Gifted

Peter Billingham
White Bear Theatre
(2010)

Production photo

At the centre of this play is a teenage girl called Fran. She's intelligent and bound, everyone else expects, for Oxbridge entry. She is alienated from her father and what appear to be his values and, though she seems to have buddies, is she really a loner, caught up in the wonder of words?

With a mother dependent on anti-depressants and a father working for some kind of weapons company and strongly supporting the government going to war, it is easy to see why a sensitive young idealist has relationship problems and her unease is increased when her best female friend declares a lesbian love for her.

There is no obvious motivation for her investing her caring and compassion in an aging Falklands War veteran, homeless and alcoholic, beyond the fact that he is vulnerable and there. Their strange relationship becomes the heart of this drama.

Matthew Ward is magnificent as the hard-drinking hobo, suspicious of the girl, scared what conclusions others would draw but building a bond with her and sharing his fears and his nightmares, haunted not by the surrendering Argies he shot but the spirits of lost comrades, until with her help and whisky he finds his quietus.

Is she an angel of charity or herself in need of psychiatric assistance? It is a question the play obviously asks but it does not argue a case for either, nor does the writing make it easy to entirely believe in the character despite the best efforts of Rebecca Whitbread's performance.

In scenes with her young black friends Chris (David Bonnick Jr.) and Mocha (Sapphire Joy) the dialogue seems entirely natural, at least as these young actors play it - and Joy is just that as a performer, one to look out for if she is always this good - but Whitbread is also given self-consciously worded soliloquies to deliver huddled awkwardly. Perhaps if they were written to be delivered directly to the audience, confiding rather than musing, in the same way that Shakespeare handles these things, they would communicate better instead of jarring. However in the scenes with her parents the language is just as unnatural and seems so deliberately. This may be a conscious device to emphasise the problems in the marriage and the home but to me it seemed theatrically awkward form.

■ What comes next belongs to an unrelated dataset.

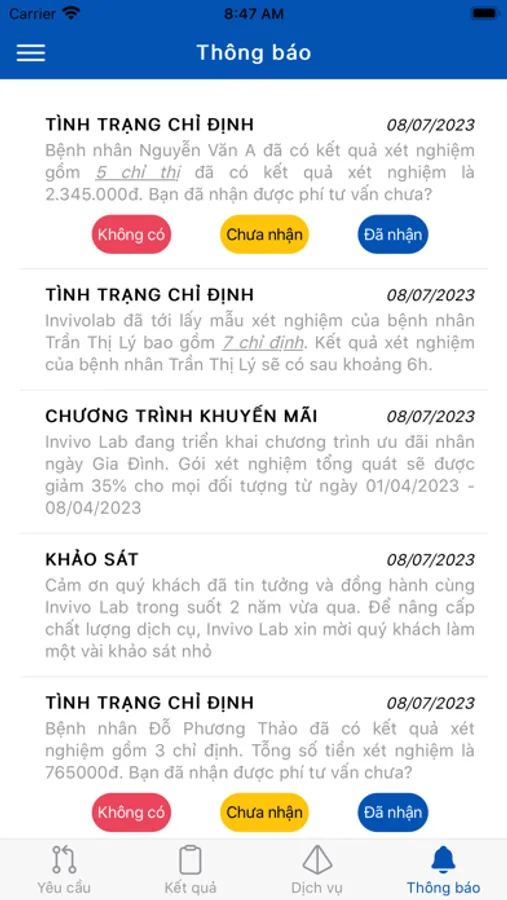 Ứng dụng dành cho đối tác của phòng xét nghiệm

I am all for heightened language in the theatre but you have to be able to think it as you play it, if you want us to believe in real characters not symbols. With homeless Norman his burst of song and purple passes are alcohol fuelled and come from the character. Elsewhere the language sometimes seems imposed rather than being theirs.

There is a fascinating core to this play that makes me hope that Peter Billingham may consider some more work on the script and, though you don't always have to understand precisely what an artist means by his symbols for them to have impact, I could do with some help in interpreting the rifle bullet that he uses as a token passed between his clever girl and her derelict. Although annoyingly not quite there yet for me it nevertheless gained an enthusiastic reception from its audience who may prove more perspicacious than I am.